Multi-Stage Network With Geometric Semantic Attention for Two-View Correspondence Learning

IEEE Trans Image Process. 2024:33:3031-3046. doi: 10.1109/TIP.2024.3391002. Epub 2024 Apr 30.

Abstract

The removal of outliers is crucial for establishing correspondence between two images. However, when the proportion of outliers reaches nearly 90%, the task becomes highly challenging. Existing methods face limitations in effectively utilizing geometric transformation consistency (GTC) information and incorporating geometric semantic neighboring information. To address these challenges, we propose a Multi-Stage Geometric Semantic Attention (MSGSA) network. The MSGSA network consists of three key modules: the multi-branch (MB) module, the GTC module, and the geometric semantic attention (GSA) module. The MB module, structured with a multi-branch design, facilitates diverse and robust spatial transformations. The GTC module captures transformation consistency information from the preceding stage.

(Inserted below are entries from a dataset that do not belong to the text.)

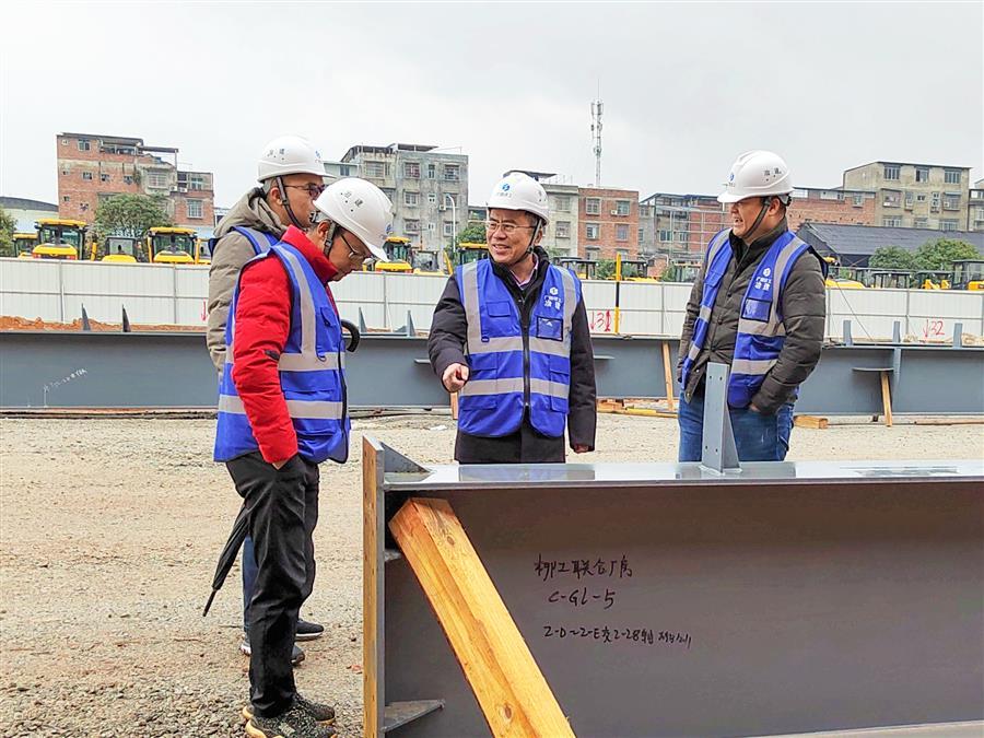 廖立波深入項目施工現(xiàn)場,詳細了解項目施工進度、質(zhì)量安全管理、鋼結(jié)構(gòu)安裝、機械材料設(shè)備等情況。廖立波要求,項目部要統(tǒng)籌做好施工計劃,根據(jù)整體工期安排,合理分解階段性目標,精準設(shè)計施工方案,掛圖作戰(zhàn),提高整體施工效率;要毫不松懈抓好安全生產(chǎn),健全安全管理體系,常態(tài)化開展安全警示教育,提高安全管理水平。廖立波強調(diào),要全面加強質(zhì)量管理,認真做好創(chuàng)優(yōu)前期工作,落實質(zhì)量管理責任,將質(zhì)量管控貫穿項目建設(shè)全過程;要堅持樣板引路,嚴格落實標準規(guī)范,抓好基礎(chǔ)技術(shù)管理、原材料質(zhì)量管控、項目檢驗和驗收,探索創(chuàng)新施工工藝,提高施工水平,確保一次成優(yōu),保障工程質(zhì)量整體過硬。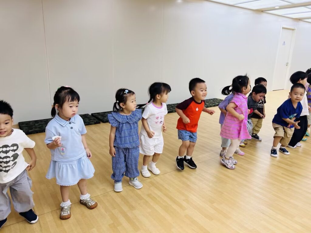 之后,孩子们踏上了欢乐的“音乐”之旅🎵:Happy老师先带着大家复习了上周的音乐游戏《我把自己藏起来》,随后便开始学习新的音乐律动《Happy Dance》。孩子们先跟着老师认真学习双脚跳、拍手👏、快跑、模仿芭蕾等动作,学会后带上腕铃,分组和集体轮流表演。伴随着欢快的音乐🎶,孩子们尽情展现自我,享受着音乐带来的快乐~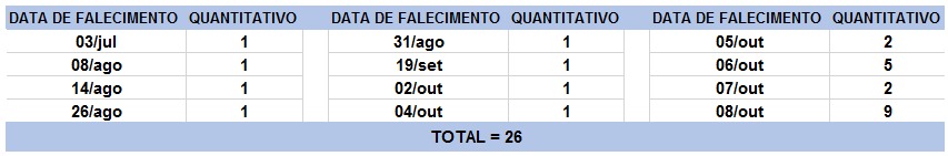O boletim epidemiológico de hoje contabiliza 26 óbitos que ocorreram em diversas datas, conforme tabela abaixo. A existência de registros tardios e/ou acúmulo de casos deve-se a sobrecarga das equipes de investigação, pois há doenças de notificação compulsória para além da Covid-19. Outro motivo é o aprofundamento das investigações epidemiológicas por parte das vigilâncias municipais e estadual a fim de evitar distorções ou equívocos, como desconsiderar a causa do óbito um traumatismo craniano ou um câncer em estágio terminal, ainda que a pessoa esteja infectada pelo coronavírus.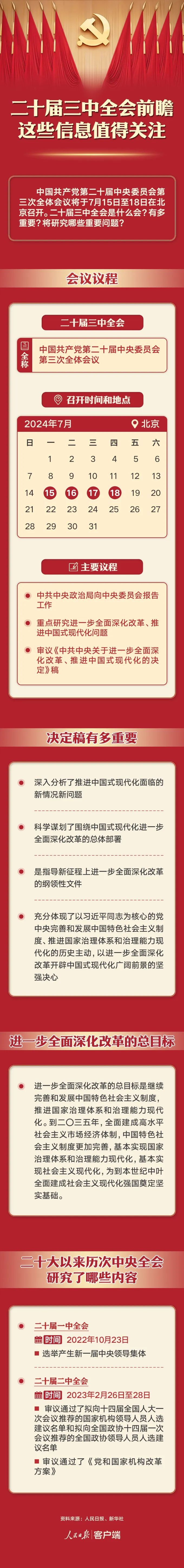 党的二十届三中全会召开前夕,人民日报客户端梳理刊发了一组题为《二十届三中全会前瞻,这些信息值得关注》的图文。

The GSA module categorizes input based on the prior stage's output, enabling efficient extraction of geometric semantic information through a graph-based representation and inter-category information interaction using Transformer. Extensive experiments on the YFCC100M and SUN3D datasets demonstrate that MSGSA outperforms current state-of-the-art methods in outlier removal and camera pose estimation, particularly in scenarios with a high prevalence of outliers. Source code is available at https://github.com/shuyuanlin.